> _What the task asks_
Repeat all the lines below exactly, but omit the pictures.

> _Collected data_
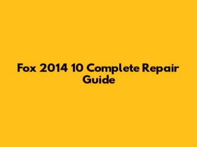 Fox 2014 10 Repair Guide: Step-by-Step
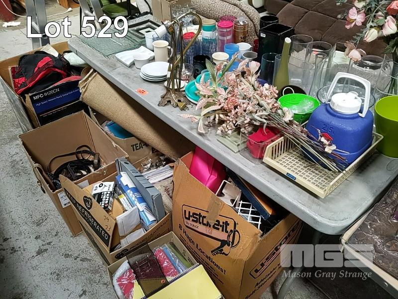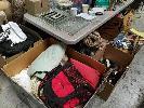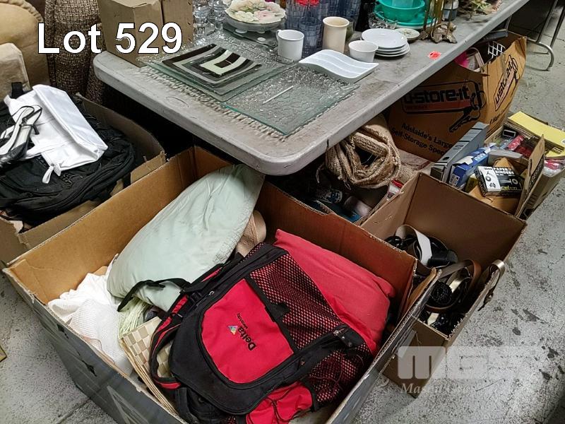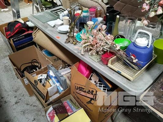 LARGE COLLECTION OF HOMEWARES, FLOOR RUGS, BAGS, BELTS, HOME OFFICE SUPPLIES, VASES, PLATTER ETC. (1 x TABLE AND BOXES UNDER)
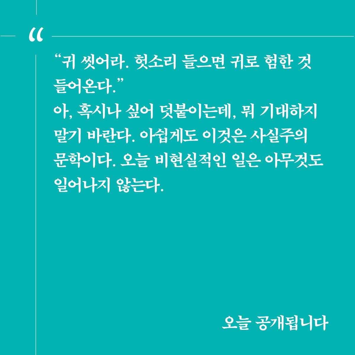 "아쉽게도 이것은 사실주의 문학이다. 오늘 비현실적인 일은 아무것도 일어나지 않는다"

> _Answer to the exercise_
 Fox 2014 10 Repair Guide: Step-by-Step
 LARGE COLLECTION OF HOMEWARES, FLOOR RUGS, BAGS, BELTS, HOME OFFICE SUPPLIES, VASES, PLATTER ETC. (1 x TABLE AND BOXES UNDER)
 "아쉽게도 이것은 사실주의 문학이다. 오늘 비현실적인 일은 아무것도 일어나지 않는다"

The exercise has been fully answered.